Must be just you they are mad at.   

Mike


----------



## tinytoy (Jun 15, 2011)

Didn't Apple force "buy" buttons to be removed from e-book apps running on iOS devices because Amazon, B&N, etc. refused to pay Apple the 30% cut they wanted?

Amazon announced the change in the following statement in July:
"We wanted to let you know that we've updated our Kindle app for iPad, iPhone, and iPod Touch. The big change is that you can now use the Kindle app to read over 100 Kindle newspapers and magazines including the Economist, as well as share favorite passages from your reading via Facebook and Twitter. In order to comply with recent policy changes by Apple, we've also removed the "Kindle Store" link from within the app that opened Safari and took you to the Kindle Store. You can still shop as you always have--just open Safari and go to www.amazon.com/kindlestore. If you want, you can bookmark that URL. Your Kindle books will be delivered automatically to your iPad, iPhone or iPod touch, just as before. "

eta --- ok re-read your post and see you're talking about Amazon's website and not the app in the iPad. IGNORE ME. I need more caffeine, clearly.


----------



## Betsy the Quilter (Oct 27, 2008)

Tinytoy, that's the "in app" purchases, like within Amazon's Kindle for iPad.

Surfing to Amazon's website within Safari and clicking on the "Buy Now with 1-Click" should still work.  It's how I do all my Amazon purchases.  (And I just checked, it still works.)

It sounds like there's something going on with your iPad.  Try resetting the iPad.  Hold the "sleep" button on the side until the "Slide to Power Off" slider appears.  Slide it and let the iPad power down.  Then restart it.  The Apple should appear.  Try again.

Do you have the latest versions of the IOS (5.0) and Safari?

Betsy


----------



## kisala9906 (Sep 4, 2011)

Hope you get it worked out mine works fine.


----------



## Lee (Nov 7, 2008)

Thanks for the replies!  I think Mike must be right, it must be me they're mad at.    I'm still on IOS4.  I was reluctant to install 5 after Apple ruined my iPhone 3G a couple of years ago, telling me I could install IOS4 on it, when that wasn't actually the case, and I couldn't uninstall it without risking bricking it.  I'll try Betsy's suggestion of resetting it.


----------



## Betsy the Quilter (Oct 27, 2008)

If your version of Safari is the latest, updated for iOS 5 but you don't have iOS 5, it could be causing the problem.

Betsy


----------



## arshield (Nov 17, 2008)

Go ahead and update.  I am running an original ipad on the new update without any problems.


----------



## Rasputina (May 6, 2009)

yep, sounds like a compatibility problem.
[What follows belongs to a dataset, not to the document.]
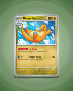 Dragonite from the 151 set is a rare card boasting 180 HP. Its ability, Jet Cruise, adds a strategic edge, while the Dragon Pulse attack delivers solid damage. Numbered 149, this card stands out in any collection.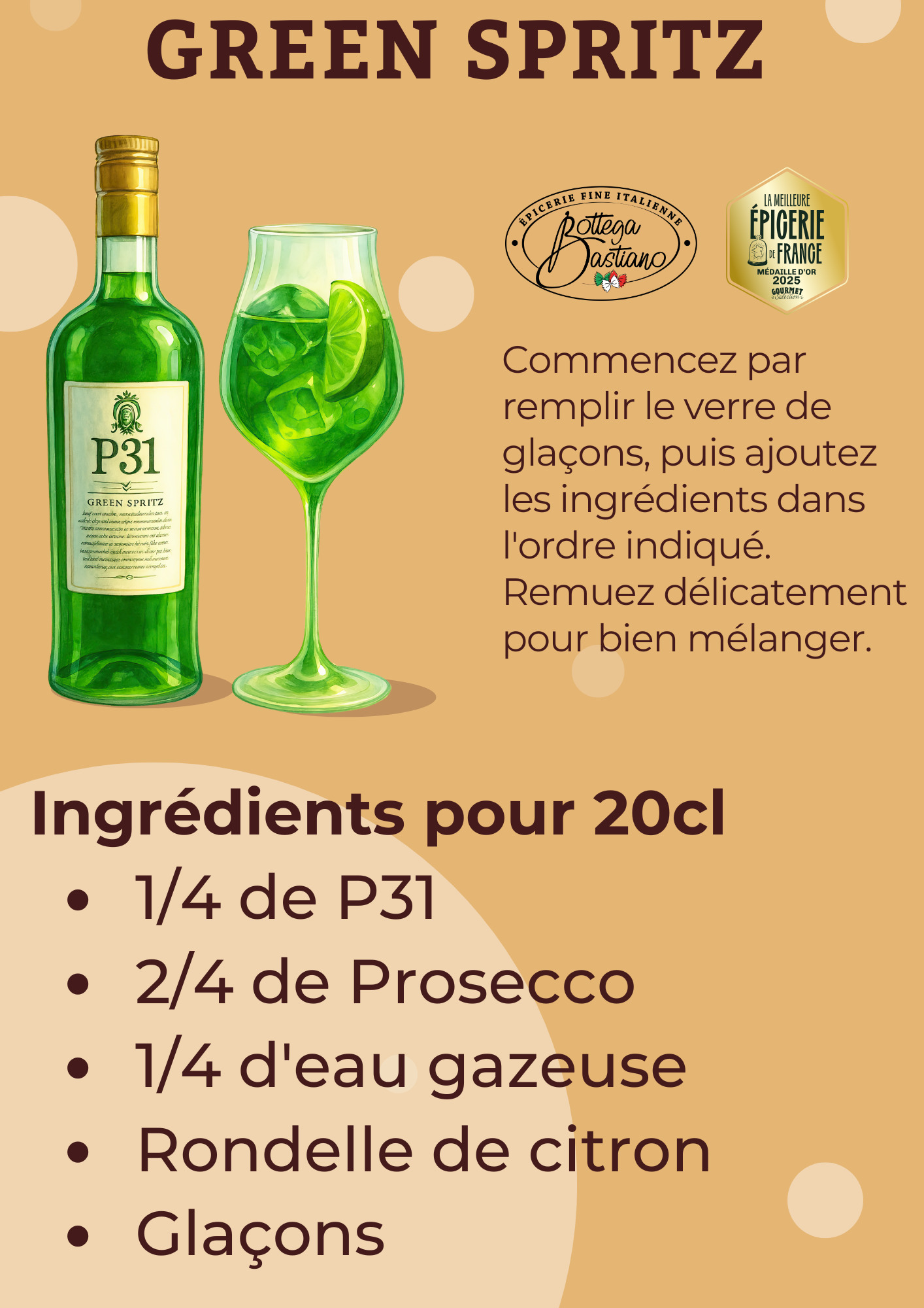 Le P31, appelé ainsi dû à son nombre d’ingrédients naturels, est né en 2015. Cet alcool mixe la fraîcheur, la nouveauté et la tradition. Deux ans de recherche lui ont été consacrés pour trouver LA recette. Ce mélange unique, aux 31 ingrédients, pourra accompagner vos fin de repas en tant que digestif, ou vos aperitivo dans le cocktail star : le GreenSpritz.

Time to update.


----------



## Betsy the Quilter (Oct 27, 2008)

I also have iOS 5 on my iPad 1.

Betsy


----------



## Lee (Nov 7, 2008)

I went back to the Amazon Kindle store on my iPad and this time the Buy button did appear as normal, so it must have been a momentary glitch.

I did update to iOS5, except in the process of doing so, it wiped out my apps (although it did keep my settings and data files).  It kept telling me that I had iTunes purchases on two computers.  I've only ever used the iPad and my single desktop.  I thought when we connected and synced, that should sync up everything including the apps?  Perhaps I'm just being clueless, but it does seem to me that the process could be a little more user-friendly.

Anyway, I'm bequeathing my iPad to my partner, and I'll be receiving my Fire next week, so after abandoning the iPhone and now the iPad, I guess I'm out of Apple's orbit altogether.  It was fun while it lasted but I'm eager to see what Amazon has done with the Fire.


----------



## Betsy the Quilter (Oct 27, 2008)

Some people lost their apps, some didn't (I did, but took it as an opportunity to pare my apps down to just those I wanted).

Fire watch!  Be sure to join us in Let's Talk Kindle, if you haven't already!

Betsy


----------